McRoberts, D., 1962., ‘Material destruction caused by the Scottish Reformation’, in D. McRoberts, Essays on the Scottish Reformation, 1513-1625, Glasgow.

New Statistical Account of Scotland, 1834-45, Edinburgh and London.

Statistical Account of Scotland, 1791-9, ed. J. Sinclair, Edinburgh.

Architectural description

The ruins of what must have been a notably fine twelfth-century church occupy a high wind-swept site looking out across the North Sea. The existence of two probably eleventh-century hog back stones suggests there may have been a church here from that period.(1) The first, recorded by the east gable, has three panels with beasts on one side and three rows of tiling on the other; the second, which is less complete is recorded south of the chancel, and has a beast on one side and four rows of tegulation on the other.

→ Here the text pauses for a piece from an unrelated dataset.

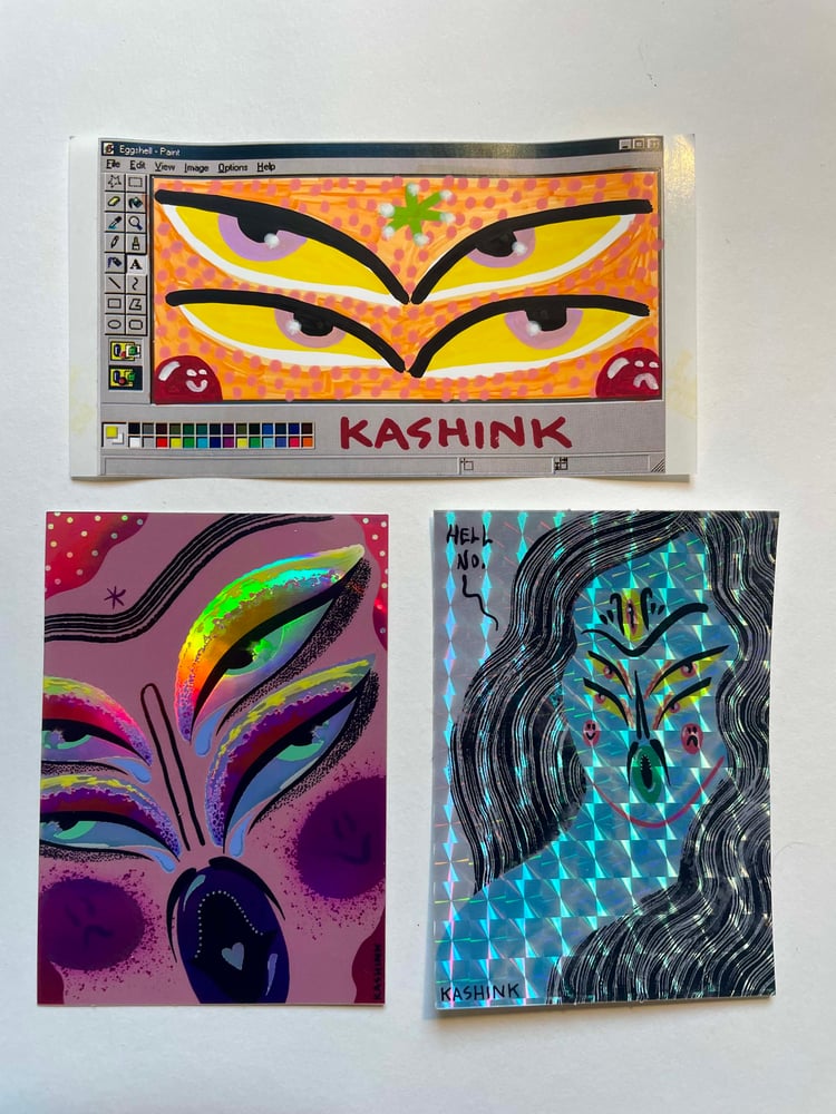 1 hand made sticker with vintage Microsoft Paint layout 6x10cm

The parish comes on record in 1199-1200, when it was granted to Durham by Bishop Roger of St Andrews, but it passed to Coldingham before the mid-fifteenth century.(2) In about1610 the parish was united with Cockburnspath, and the church began to fall into decline; parts of the masonry were removed to carry out repairs to farm buildings before 1861 and the east gable was blown down in 1866.(3)

Repairs were carried out to the chancel in 1365,(4) but by 1445, when the prior of Coldingham petitioned to appropriate the vicarage, it was said that there had been no vicar for many years and that worship had been almost completely abandoned at the church.(5) The situation appears not to have improved by 1556, when Oldcambus was one of the churches in the area that was listed as being decayed.(6)

By the mid-nineteenth century the fabric was extensively robbed to provide masonry for farm buildings,(7) but drawings made before it reached its present more advanced state of decay indicate that the earliest parts of the church were probably of a date around the mid-twelfth century. It is built of well-cut red sandstone, with many blocks of cubical form, though the irregularity of the coursing of some of those stones could point to the possibility that they were in secondary use.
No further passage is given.